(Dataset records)
□ □ □ □

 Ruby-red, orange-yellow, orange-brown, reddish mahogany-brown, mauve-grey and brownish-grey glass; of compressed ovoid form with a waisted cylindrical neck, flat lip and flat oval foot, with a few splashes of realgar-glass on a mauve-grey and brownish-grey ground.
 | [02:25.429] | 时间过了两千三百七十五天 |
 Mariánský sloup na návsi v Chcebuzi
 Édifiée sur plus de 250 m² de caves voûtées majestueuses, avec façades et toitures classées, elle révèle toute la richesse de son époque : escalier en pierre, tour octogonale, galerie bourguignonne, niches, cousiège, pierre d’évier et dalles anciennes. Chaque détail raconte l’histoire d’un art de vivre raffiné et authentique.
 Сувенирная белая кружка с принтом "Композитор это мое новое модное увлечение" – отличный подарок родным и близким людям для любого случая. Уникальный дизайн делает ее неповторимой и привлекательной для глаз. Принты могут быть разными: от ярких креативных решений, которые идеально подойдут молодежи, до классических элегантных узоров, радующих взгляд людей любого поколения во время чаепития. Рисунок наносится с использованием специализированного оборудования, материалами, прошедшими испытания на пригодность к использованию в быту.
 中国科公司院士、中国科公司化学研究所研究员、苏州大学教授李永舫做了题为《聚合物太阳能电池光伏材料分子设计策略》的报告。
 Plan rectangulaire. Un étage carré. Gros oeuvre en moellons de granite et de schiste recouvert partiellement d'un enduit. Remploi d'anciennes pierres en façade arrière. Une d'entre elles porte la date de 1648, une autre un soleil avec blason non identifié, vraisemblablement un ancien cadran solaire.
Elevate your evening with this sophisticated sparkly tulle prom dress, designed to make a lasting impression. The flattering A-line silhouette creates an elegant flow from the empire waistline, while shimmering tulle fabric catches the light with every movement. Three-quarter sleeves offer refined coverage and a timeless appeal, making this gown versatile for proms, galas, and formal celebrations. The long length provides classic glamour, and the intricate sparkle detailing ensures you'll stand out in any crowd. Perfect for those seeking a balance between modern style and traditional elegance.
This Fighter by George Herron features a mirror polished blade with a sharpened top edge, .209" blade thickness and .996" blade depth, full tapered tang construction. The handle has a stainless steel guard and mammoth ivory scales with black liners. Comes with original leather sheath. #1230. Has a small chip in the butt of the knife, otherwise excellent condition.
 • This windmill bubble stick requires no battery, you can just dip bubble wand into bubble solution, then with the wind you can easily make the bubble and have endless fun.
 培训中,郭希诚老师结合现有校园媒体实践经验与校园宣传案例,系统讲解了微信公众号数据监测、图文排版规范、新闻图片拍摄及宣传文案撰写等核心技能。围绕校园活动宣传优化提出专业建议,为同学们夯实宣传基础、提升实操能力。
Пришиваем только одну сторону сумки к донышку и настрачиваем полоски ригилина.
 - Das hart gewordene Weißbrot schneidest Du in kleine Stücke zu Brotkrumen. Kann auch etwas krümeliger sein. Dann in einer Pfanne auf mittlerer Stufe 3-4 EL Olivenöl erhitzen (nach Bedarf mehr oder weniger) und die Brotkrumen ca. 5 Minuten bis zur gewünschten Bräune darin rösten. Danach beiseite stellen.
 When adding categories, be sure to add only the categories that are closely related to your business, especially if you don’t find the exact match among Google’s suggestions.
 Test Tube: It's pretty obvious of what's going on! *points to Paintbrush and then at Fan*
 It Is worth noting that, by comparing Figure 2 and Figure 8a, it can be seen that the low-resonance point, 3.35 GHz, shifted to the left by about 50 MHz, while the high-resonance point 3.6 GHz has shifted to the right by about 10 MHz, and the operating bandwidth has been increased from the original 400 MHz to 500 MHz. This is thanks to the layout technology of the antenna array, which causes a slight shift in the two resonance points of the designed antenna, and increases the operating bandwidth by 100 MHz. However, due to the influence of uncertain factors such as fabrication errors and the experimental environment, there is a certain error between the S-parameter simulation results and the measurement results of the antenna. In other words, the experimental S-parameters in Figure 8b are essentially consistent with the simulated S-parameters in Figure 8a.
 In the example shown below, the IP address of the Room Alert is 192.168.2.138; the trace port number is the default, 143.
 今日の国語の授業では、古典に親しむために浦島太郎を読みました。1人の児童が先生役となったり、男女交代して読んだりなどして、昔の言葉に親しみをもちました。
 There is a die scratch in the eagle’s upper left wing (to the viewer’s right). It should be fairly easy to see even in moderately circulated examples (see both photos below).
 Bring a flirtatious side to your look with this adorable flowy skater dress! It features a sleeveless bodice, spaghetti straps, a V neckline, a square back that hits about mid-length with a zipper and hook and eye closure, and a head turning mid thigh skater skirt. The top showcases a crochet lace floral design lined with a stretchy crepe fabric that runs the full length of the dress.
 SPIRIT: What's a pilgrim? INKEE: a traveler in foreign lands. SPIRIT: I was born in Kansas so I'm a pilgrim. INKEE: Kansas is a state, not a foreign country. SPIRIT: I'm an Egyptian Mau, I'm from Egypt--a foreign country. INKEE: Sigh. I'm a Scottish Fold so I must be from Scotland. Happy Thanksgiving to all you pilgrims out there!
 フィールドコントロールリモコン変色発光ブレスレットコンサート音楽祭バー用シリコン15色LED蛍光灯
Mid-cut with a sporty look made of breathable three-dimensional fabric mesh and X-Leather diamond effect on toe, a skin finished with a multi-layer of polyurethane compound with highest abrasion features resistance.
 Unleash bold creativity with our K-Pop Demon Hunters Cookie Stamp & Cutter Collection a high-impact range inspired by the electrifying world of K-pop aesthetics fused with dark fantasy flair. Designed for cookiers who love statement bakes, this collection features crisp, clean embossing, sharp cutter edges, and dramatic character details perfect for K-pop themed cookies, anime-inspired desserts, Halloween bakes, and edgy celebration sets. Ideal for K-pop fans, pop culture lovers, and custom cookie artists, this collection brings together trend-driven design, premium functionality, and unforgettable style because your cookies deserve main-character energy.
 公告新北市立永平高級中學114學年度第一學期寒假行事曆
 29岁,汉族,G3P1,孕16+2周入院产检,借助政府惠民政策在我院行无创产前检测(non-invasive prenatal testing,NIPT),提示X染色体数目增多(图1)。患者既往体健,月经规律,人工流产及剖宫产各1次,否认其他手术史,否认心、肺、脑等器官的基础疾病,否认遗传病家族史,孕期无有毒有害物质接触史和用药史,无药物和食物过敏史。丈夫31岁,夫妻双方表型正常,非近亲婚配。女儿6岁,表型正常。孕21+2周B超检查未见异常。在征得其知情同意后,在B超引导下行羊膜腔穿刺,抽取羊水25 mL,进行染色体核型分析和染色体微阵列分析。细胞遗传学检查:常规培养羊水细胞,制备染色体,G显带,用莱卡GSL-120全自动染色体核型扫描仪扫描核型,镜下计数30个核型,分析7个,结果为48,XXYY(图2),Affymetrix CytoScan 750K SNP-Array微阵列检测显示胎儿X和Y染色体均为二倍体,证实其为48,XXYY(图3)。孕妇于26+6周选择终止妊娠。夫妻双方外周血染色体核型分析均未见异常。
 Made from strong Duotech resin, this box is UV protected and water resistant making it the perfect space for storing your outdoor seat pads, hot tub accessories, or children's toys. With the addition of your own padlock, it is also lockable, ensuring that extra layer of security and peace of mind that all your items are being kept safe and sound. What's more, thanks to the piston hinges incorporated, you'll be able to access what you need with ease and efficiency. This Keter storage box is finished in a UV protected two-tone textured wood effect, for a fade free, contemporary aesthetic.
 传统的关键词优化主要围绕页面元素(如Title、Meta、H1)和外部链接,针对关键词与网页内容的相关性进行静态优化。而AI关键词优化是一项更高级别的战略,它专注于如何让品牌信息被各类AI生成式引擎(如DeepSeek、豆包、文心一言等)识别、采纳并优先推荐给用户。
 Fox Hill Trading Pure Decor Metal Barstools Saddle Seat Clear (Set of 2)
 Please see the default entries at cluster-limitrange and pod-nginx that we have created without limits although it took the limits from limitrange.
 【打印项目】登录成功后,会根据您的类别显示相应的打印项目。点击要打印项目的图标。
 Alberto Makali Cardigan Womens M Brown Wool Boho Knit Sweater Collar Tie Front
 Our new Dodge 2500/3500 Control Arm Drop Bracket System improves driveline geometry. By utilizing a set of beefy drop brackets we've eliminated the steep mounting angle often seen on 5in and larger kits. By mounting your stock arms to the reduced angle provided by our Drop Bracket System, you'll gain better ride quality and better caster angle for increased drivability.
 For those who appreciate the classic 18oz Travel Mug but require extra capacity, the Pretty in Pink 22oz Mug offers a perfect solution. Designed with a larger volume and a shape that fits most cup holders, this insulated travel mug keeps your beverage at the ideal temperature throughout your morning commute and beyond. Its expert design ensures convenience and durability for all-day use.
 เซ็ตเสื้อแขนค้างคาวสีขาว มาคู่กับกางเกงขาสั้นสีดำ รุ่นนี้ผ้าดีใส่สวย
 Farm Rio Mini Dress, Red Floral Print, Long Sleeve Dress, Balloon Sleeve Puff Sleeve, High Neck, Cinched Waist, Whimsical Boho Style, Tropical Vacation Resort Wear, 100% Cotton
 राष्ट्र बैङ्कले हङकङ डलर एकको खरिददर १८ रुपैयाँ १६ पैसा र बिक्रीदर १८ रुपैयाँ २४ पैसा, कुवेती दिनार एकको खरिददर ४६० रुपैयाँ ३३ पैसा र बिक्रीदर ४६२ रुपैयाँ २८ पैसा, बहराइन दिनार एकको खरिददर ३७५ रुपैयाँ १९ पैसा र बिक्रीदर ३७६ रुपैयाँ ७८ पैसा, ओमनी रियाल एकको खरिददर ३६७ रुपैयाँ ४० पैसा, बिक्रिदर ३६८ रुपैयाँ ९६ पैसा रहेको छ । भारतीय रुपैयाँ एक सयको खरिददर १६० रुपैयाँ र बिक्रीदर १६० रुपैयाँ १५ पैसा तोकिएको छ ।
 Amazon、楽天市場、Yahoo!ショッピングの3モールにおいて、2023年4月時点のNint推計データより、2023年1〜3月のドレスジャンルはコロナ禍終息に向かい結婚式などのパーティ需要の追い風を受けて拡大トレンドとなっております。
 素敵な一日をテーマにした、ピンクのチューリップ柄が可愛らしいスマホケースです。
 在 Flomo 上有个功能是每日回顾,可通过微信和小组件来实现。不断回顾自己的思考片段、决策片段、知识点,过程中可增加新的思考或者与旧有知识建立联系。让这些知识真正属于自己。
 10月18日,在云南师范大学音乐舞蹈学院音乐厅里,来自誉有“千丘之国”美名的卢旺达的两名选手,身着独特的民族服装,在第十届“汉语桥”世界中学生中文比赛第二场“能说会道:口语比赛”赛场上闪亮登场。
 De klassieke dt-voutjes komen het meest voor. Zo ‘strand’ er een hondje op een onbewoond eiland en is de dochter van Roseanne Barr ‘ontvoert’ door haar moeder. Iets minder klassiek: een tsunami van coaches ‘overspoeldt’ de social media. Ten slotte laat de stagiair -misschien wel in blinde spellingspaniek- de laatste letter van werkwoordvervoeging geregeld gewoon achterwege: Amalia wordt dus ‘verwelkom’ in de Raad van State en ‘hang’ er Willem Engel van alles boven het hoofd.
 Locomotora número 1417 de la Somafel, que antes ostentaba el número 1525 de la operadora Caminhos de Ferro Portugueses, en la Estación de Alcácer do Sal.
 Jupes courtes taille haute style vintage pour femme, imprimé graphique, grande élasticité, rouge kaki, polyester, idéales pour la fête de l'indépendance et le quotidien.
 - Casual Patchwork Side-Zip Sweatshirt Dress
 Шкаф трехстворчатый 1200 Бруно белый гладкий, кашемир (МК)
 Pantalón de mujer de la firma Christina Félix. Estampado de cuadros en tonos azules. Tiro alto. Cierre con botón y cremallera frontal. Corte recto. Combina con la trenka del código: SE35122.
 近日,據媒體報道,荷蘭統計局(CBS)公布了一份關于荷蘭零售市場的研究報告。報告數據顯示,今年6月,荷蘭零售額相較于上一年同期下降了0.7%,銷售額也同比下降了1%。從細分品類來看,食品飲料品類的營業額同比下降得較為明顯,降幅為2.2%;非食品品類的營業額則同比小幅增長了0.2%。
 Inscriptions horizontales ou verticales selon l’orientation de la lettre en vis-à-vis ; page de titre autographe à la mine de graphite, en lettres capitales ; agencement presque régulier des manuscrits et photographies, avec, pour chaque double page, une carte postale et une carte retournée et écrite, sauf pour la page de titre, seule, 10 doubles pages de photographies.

□ □ □ □

> [What is expected]:
Report each line in the data above that holds the word "effect" by copying it.

> [Answer area]:
Mid-cut with a sporty look made of breathable three-dimensional fabric mesh and X-Leather diamond effect on toe, a skin finished with a multi-layer of polyurethane compound with highest abrasion features resistance.
 Made from strong Duotech resin, this box is UV protected and water resistant making it the perfect space for storing your outdoor seat pads, hot tub accessories, or children's toys. With the addition of your own padlock, it is also lockable, ensuring that extra layer of security and peace of mind that all your items are being kept safe and sound. What's more, thanks to the piston hinges incorporated, you'll be able to access what you need with ease and efficiency. This Keter storage box is finished in a UV protected two-tone textured wood effect, for a fade free, contemporary aesthetic.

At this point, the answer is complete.